This is a textbook for an introductory course in numerical linear algebra at the advanced undergraduate or early graduate level. textbooks in this area often include implementations of the methods in some programming language, which might have been Fortran in the distant past. More recent textbooks in this area have mostly used MATLAB and Python.
In this book, the algorithms are implemented in the Julia programming language. Julia was first introduced in 2012, so it is a relatively new programming language, but it has steadily been growing in popularity as a language for scientific computing. Julia is well known for its high performance, parallel programming features, and numerous libraries for scientific computing.
The coverage of topics in numerical linear algebra is fairly standard for an introductory course. The book discusses the LU and Cholesky factorizations for solving linear systems of equations. Least squares problems are solved using the QR factorization. The QR method is used to obtain eigenvalues. There is a brief discussion of the Golub-Kahan algorithm for the SVD. Classical and Krylov space iterative methods for the solution of linear systems of equations each get a chapter. There is also a chapter on factorizations of sparse matrices. The last chapter of the book is effectively an appendix introducing Julia.
The Jupyter notebooks and Julia code that accompany the book include implementations of all of these methods.
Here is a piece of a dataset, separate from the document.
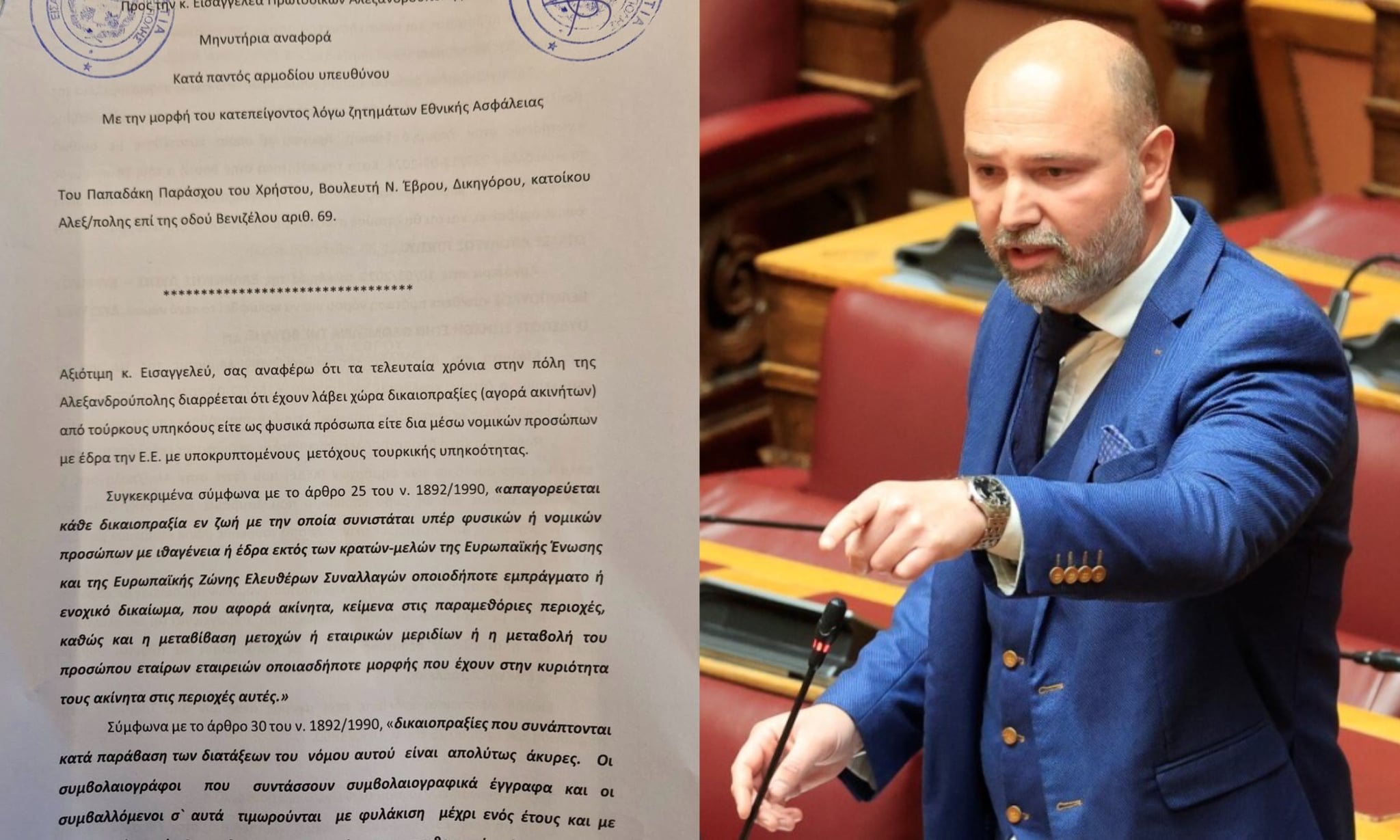 Ο βουλευτής της Ελληνικής Λύσης ζητά εισαγγελική διερεύνηση για μεταβιβάσεις σε παραμεθόριες περιοχές, επικαλούμενος τον νόμο 1892/1990 περί εθνικής ασφάλειας και απειλώντας με ακυρότητα συμβολαίων και ποινικές ευθύνες

Many of the exercises ask the reader to perform computational experiments or to implement extensions to the examples.
The focus of the book is on algorithms for numerical linear algebra rather than Julia programming. It would be relatively straightforward to translate the code into MATLAB or Python. I was disappointed that the book did not make a stronger case for the advantages of Julia over other scripting languages and that the book didn't explore the ecosystem of libraries in the Julia environment.
Instructors looking for a textbook for an introductory course in numerical linear algebra that uses Julia for its examples should definitely give consideration to this book. However, it might be nearly as easy to prepare one's own Julia examples for use with other textbooks such as David S. Watkins'
Fundamentals of Matrix Computations.
Brian Borchers is a professor of mathematics at New Mexico Tech and the editor of MAA Reviews.